Security overview
5nPay is engineered so that security and privacy are properties of the architecture, not layers applied after the fact. This page describes our current controls in plain terms. Enterprise customers can request the full Security Questionnaire Response and supporting evidence pack.
Encryption
- TLS 1.2+ enforced end-to-end with HSTS + includeSubDomains.
- Database (Supabase Postgres) uses AES-256 disk encryption; backups encrypted at rest with KMS-managed keys.
- Secrets stored only in Vercel encrypted environment variables — never in the repository or logs.
Identity & access control
- Authentication via Clerk (Google SSO, magic link, email + password). Passwords hashed with bcrypt and never reach 5nPay servers.
- Multi-factor authentication available to all users; required on request for owner accounts on enterprise plans.
- Capability-based role model: Owner, Admin, Driver, Accountant. Enforced server-side and recorded in the audit log.
- SAML SSO and SCIM provisioning available for enterprise customers using Okta, Azure AD, or Google Workspace (contact sales).
- Session security: HttpOnly + Secure + SameSite=Lax cookies; server-side session fingerprinting.
Application security
- Rate limiting on all authenticated and public API endpoints with named policy tiers.
- Webhook signature verification (HMAC-SHA256) with idempotency tables for Stripe and GoCardless.
- On-device OCR for PCN scanning — user document imagery is processed locally in WebAssembly before any field-level data is transmitted, minimising personal data 5nPay ever holds.
- Content Security Policy, X-Frame-Options DENY, Referrer-Policy strict-origin-when-cross-origin.
Data protection
- Primary data residency: EU (Frankfurt) via Supabase. See Data Residency section below.
- Multi-tenant isolation enforced by Postgres Row-Level Security and application-level enterprise scoping.
- GDPR export (Article 15) and erasure (Article 17) available self-service to every user.
- Records of Processing Activities maintained for controller and processor roles.
Vulnerability management
- GitHub Dependabot on every repository — critical and high advisories triaged within 24 hours.
- Weekly npm audit + Sentry-based runtime security signal.
- Quarterly secret rotation calendar; immediate rotation on any suspected exposure.
- Pen-testing by an external CREST-accredited firm scheduled for Q1 2027.
Monitoring & incident response
- Sentry error tracking with PII scrubbing; alerts routed to a single on-call rotation.
- Vercel + Supabase platform monitoring feed the same alert channel.
- Incident response runbook exercised twice yearly. ICO-notifiable breaches reported within the 72-hour statutory window under UK GDPR Article 33.
- Public status page at /status with historical incident log.

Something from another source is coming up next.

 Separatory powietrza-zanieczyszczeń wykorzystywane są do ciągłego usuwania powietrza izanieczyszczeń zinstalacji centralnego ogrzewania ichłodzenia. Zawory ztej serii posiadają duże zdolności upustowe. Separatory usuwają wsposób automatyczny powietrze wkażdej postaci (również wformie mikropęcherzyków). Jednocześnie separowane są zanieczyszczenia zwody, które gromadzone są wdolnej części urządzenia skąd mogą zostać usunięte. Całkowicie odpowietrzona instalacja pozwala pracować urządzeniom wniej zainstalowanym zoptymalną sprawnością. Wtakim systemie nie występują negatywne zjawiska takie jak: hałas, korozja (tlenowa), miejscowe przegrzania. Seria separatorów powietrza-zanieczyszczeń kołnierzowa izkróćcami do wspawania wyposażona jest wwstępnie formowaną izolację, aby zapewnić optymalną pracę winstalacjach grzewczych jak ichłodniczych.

Backup & disaster recovery
- Automated encrypted daily database backups.
- Point-in-time recovery (Supabase PITR) with a 7-day window.
- Encrypted off-region S3 backup with integrity verification.

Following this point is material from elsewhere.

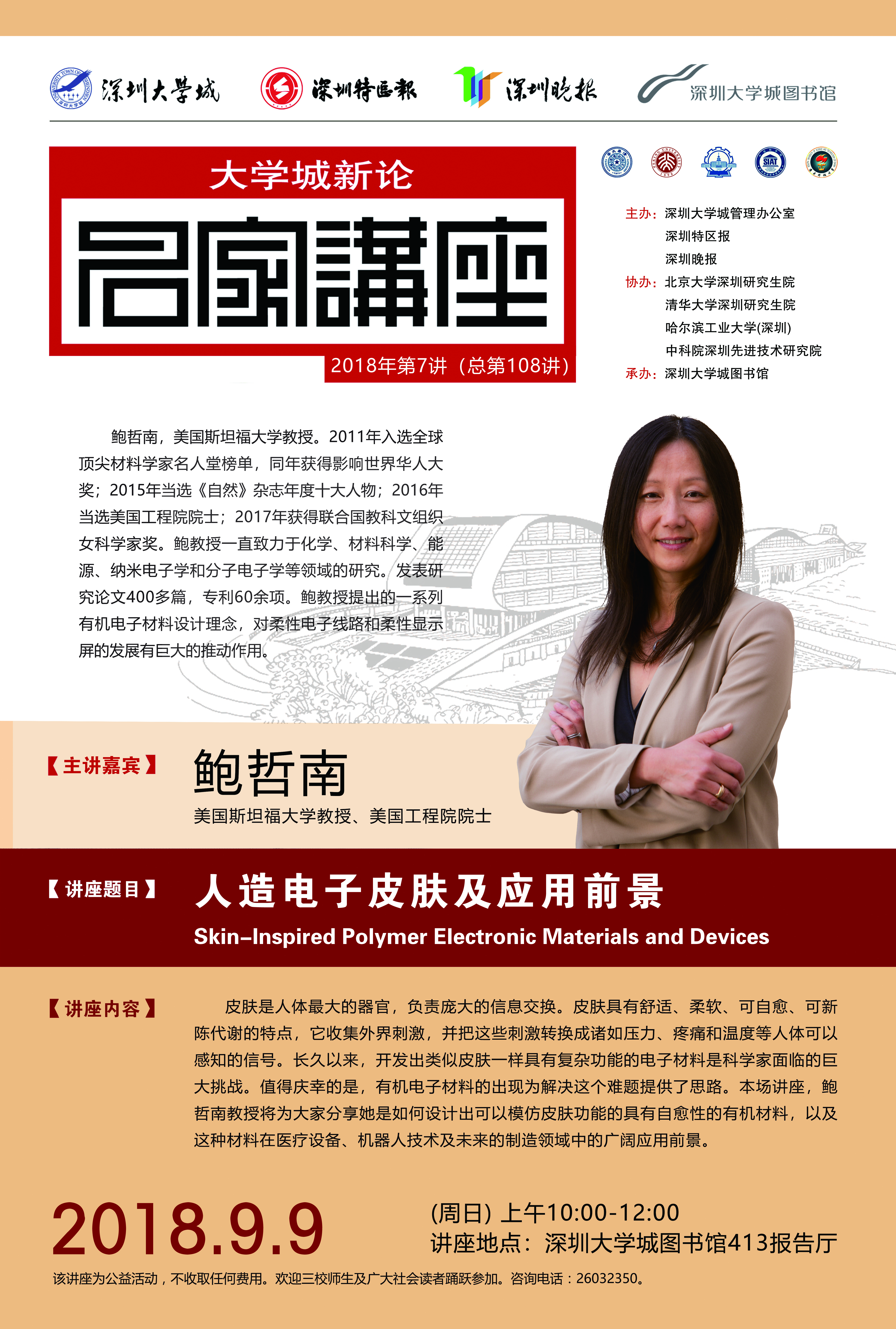 鲍哲南教授,1995年于芝加哥大学获得化学博士学位,随后进入朗讯科技公司贝尔实验室(获杰出研究员称号),2004年进入斯坦福大学化学系任教。2011年入选全球顶尖材料学家名人堂榜单,同年获得影响世界华人大奖,2015年当选《自然》杂志年度十大人物,2016年当选美国工程院院士,2017年获得联合国教科文组织女科学家奖。鲍教授一直致力于化学、材料科学、能源、纳米电子学和分子电子学等领域的研究,涉及能源、有机和高分子半导体材料、传感材料和分子电子器件、纳米电子学等。发表研究论文400多篇,专利60余项,Google Scholar H-Index >110。鲍教授提出的一系列有机电子材料设计理念,对柔性电子线路和柔性显示屏的发展有巨大的推动作用。

- Restore drills run quarterly; documented restore-time objective under 4 hours.
Sub-processors
Personal data processed by 5nPay may be handled by these sub-processors. Material changes are notified to enterprise customers with a 30-day objection window.
| Provider | Purpose | Region | Certifications |
|---|---|---|---|
| Vercel | Web hosting, CDN, serverless compute | EU / US | SOC 2 Type II, ISO 27001 |
| Supabase | Database, storage, auth backend | EU (Frankfurt) | SOC 2 Type II |
| Clerk | User authentication | US (EU option on enterprise) | SOC 2 Type II |
| GoCardless | Direct Debit payment processing | UK / EU | FCA-regulated, ISO 27001 |
| Stripe | Card + BNPL payment processing | UK / EU / US | PCI DSS Level 1, SOC 2 |
| Sentry | Error monitoring | EU | SOC 2 Type II, ISO 27001 |
| Resend | Transactional email | EU / US | SOC 2 in progress |
| AWS | OCR support microservice + backups | EU (Ireland) | SOC 2, ISO 27001, PCI DSS |
Certifications & compliance
UK GDPR / Data Protection Act 2018
WCAG 2.1 Level AA
Cyber Essentials Plus
ISO 27001
SOC 2 Type I
Reporting a vulnerability
Security researchers: please email security@5npay.co.uk with reproduction steps. We acknowledge within one working day and aim to remediate confirmed high-severity issues within 30 days. Coordinated disclosure is welcomed; we do not currently offer a bug bounty but will credit researchers on their request.